You can show $f$ is injective by showing that $f(x_1) = f(x_2) \Rightarrow x_1 = x_2$.

You can show $f$ is surjective by showing that for each $y \in \mathbb{R} - \{2\}$, there exists $x \in \mathbb{R} - \{-1\}$ such that $f(x) = y$.
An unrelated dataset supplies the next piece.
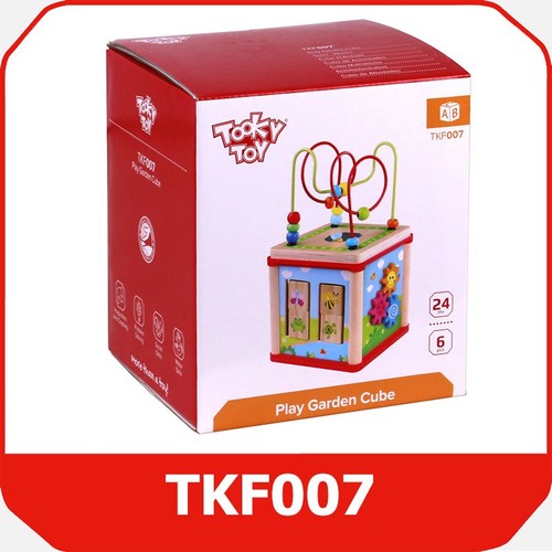 Kostka do zabawy to drewniana zabawka, której każda ze ścian ma zupełnie inną funkcjonalność i charakter. Jedna ze ścian zabawki to sorter z 4 klockami, który pozwala poznawać kształty, oraz rozwija manualne umiejętności dziecka. Druga ściana ma ruchome koła z trybikami, poruszenie jednego elementu, wprawia w ruch pozostałe. Na trzeciej ścianie ślimak i biedronka „ścigają się” na kolorowej łące. Czwarta ściana do ruchome klocki z wizerunkami zwierząt. Na górze zabawki znajduje się zdejmowana przeplatanka – labirynt z kolorowymi koralikami. Zabawki Tooky Toy są bezpieczne. Posiadają certyfikaty ekologicznych produktów. Pozbawione ostrych krawędzi, dobrze wygładzone, pomalowane są nietoksycznymi farbami i lakierami. Wiek: 24 m+

If $f(x_1) = f(x_2)$, then

\begin{align*} \frac{4x_1 + 3}{2x_1 + 2} & = \frac{4x_2 + 3}{2x_2 + 3}\\ (4x_1 + 3)(2x_2 + 2) & = (2x_1 + 2)(4x_2 + 3)\\ 8x_1x_2 + 8x_1 + 6x_2 + 6 & = 8x_1x_2 + 6x_1 + 8x_2 + 6\\ 8x_1 + 6x_2 & = 6x_1 + 8x_2\\ 2x_1 & = 2x_2\\ x_1 & = x_2 \end{align*} Thus, $f$ is injective.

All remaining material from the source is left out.